Sri Lanka’s health system is facing renewed pressure as the Ministry of Health and Mass Media suspends local and foreign leave for its employees, sparking outrage among professionals who warn of worsening staff shortages and a looming collapse of medical services.
The Ministry of Health and Mass Media has announced that all local and foreign leave for employees across institutions under its authority will be suspended until further notice. The directive was issued on 18 August 2025 by Ministry Secretary Dr. Anil Jasinghe, who circulated the order to all Additional Secretaries, the Director General of Health Services, Deputy Directors, Provincial Health Directors, hospital heads, regional health service officers, program leaders, and department heads.
The circular cites Public Administration Circular 14/2022 and Public Enterprise Circular No. PED 05/2022, stressing that the nature of essential health services has been severely disrupted due to staff taking leave. The document also emphasized that recruitment of new staff into vacant positions remains restricted, further intensifying the crisis.
A reversal of a previous decision
Dr. Jasinghe explained that the decision effectively reverses a measure introduced during Sri Lanka’s financial and political meltdown. He recalled that during the height of the crisis, the state struggled to pay salaries and offered staff the option of remaining in the country without pay for five years or leaving for overseas opportunities.
“There are still avenues to apply for leave properly, and those procedures will remain in place,” he told BBC Sinhala. “But if so many health workers leave simultaneously, our system will collapse. We cannot afford to lose essential staff while this country continues to face immense challenges.”
He added that a troubling pattern has emerged where employees on five-year leave under the earlier system have not returned, with some leaving without even notifying the ministry.
Supply to demand mismatch
Criticism has mounted from professional bodies, who accuse the government of worsening the crisis rather than resolving it.

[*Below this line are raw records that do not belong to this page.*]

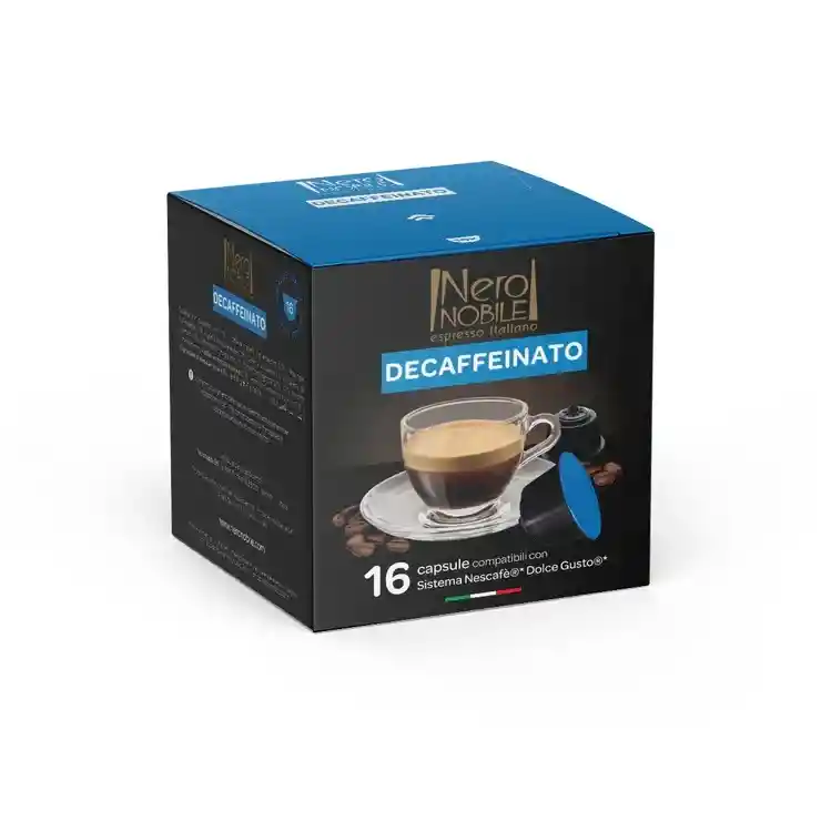 Mantiene intacta la intensidad aromática, las notas aromáticas en nariz y el retrogusto duradero, gracias al delicado proceso de descafeinado. Cápsulas compatibles con sistema Dolce Gusto. Intensidad nivel 9/13. Rendimiento óptimo 50ml (2/7). 16 cápsulas por caja. Información nutricional cada 100g: Energía (kcal): 344 - Grasa 8,3g total - Grasa saturada: 3,7g - Carbohidratos totales 31,4g - Azucares: 0,7g - Proteinas: 15,8g Sales: 0,1g
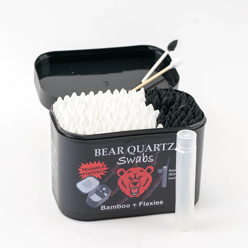 Ravage & clean through that sticky banger with the Bear Quartz Combo Swabber. Features: 2/3 Bamboo Swabs For Coverage & Deeper Cleaning 1/3 Flexies For Hard To Get Areas Removeable Iso Tube Included(Iso Not Included)
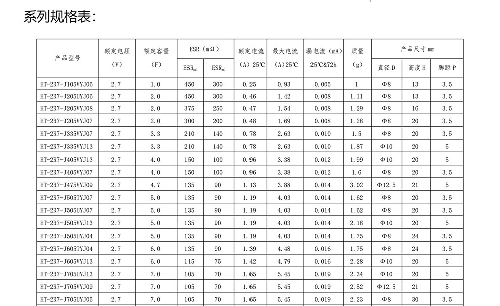 超級(jí)電容器 HT系列
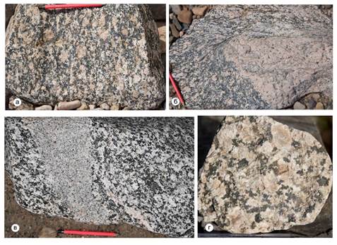 The northern and southern boundaries of the granitoid plate are gently sloping thrust surfaces. Near the main tectonic contact, the conglomerates are broken by chipped cracks, along which pebbles are cut, and granitoids are intensively crushed, ferruginized, and rotten. Limonite-hematite mineralization in the form of thin inclusions or enriched screeds covers a zone with a thickness of up to 3 m. Tectonic bkocks of granitoids are 10–12 m thick. The suture of the thrust is composed of variegated cataclasites and thin-banded mylonites corresponding to the concept of "friction clay", into which individual pebbles of conglomerates are pressed.
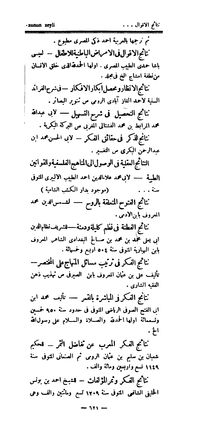 النتائج العقلية في الوصول إلى المناهج الفلسفية والقوانين الطبية - لأبي محمد علاء الدين أحمد الطبيب الالبيري المتوفى سنة ... (موجود بدار الكتب الشامية) نتائج الفتوح المتعلقة بالروح - لشمس الدين محمد المعروف بابن الادمى.
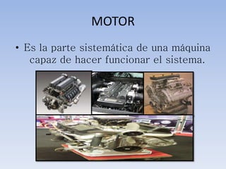 1. Un motor es la parte sistemática de una máquina capaz de hacer funcionar el sistema.

Ravi Kumudesh, President of the United Federation of Paramedical Professionals, said the move ignores global demand for Sri Lankan health professionals and prevents the country from benefiting from valuable foreign income.
“This is entirely the wrong approach,” Kumudesh said. “Instead of restricting staff from leaving, we should be producing more professionals and meeting international demand. The country needs nurses, doctors, and paramedical experts trained at scale. Right now, only a handful are trained at each university, which is nowhere near enough.”
He labeled the decision “disruptive” and accused the authorities of sabotaging the long-term plan to expand training capacity and generate overseas revenue by allowing medical staff to work abroad.
Old system vs. new rules
Kumudesh also pointed to flaws in the existing system, noting that it mainly allowed senior staff with 20 to 30 years of service to seek employment overseas, while blocking mid-level professionals with 5 to 10 years of training precisely the group most in demand internationally.
“The health service can function when mid-level professionals go abroad,” he explained. “But if senior specialists leave, the impact is much more severe. By preventing the middle group from leaving, the government has effectively created more instability, not less.”
He further stressed that previous reforms were introduced specifically to address the imbalance and to ensure that staff in demand abroad without undermining local services could travel for work.
“The entire point was to allow those in demand to contribute abroad while sustaining our system here. Blocking everyone is both shortsighted and dangerous,” Kumudesh concluded.
As the debate intensifies, experts warn that the government’s attempt to tighten control may only accelerate dissatisfaction within the sector and deepen the workforce shortage it is trying to solve.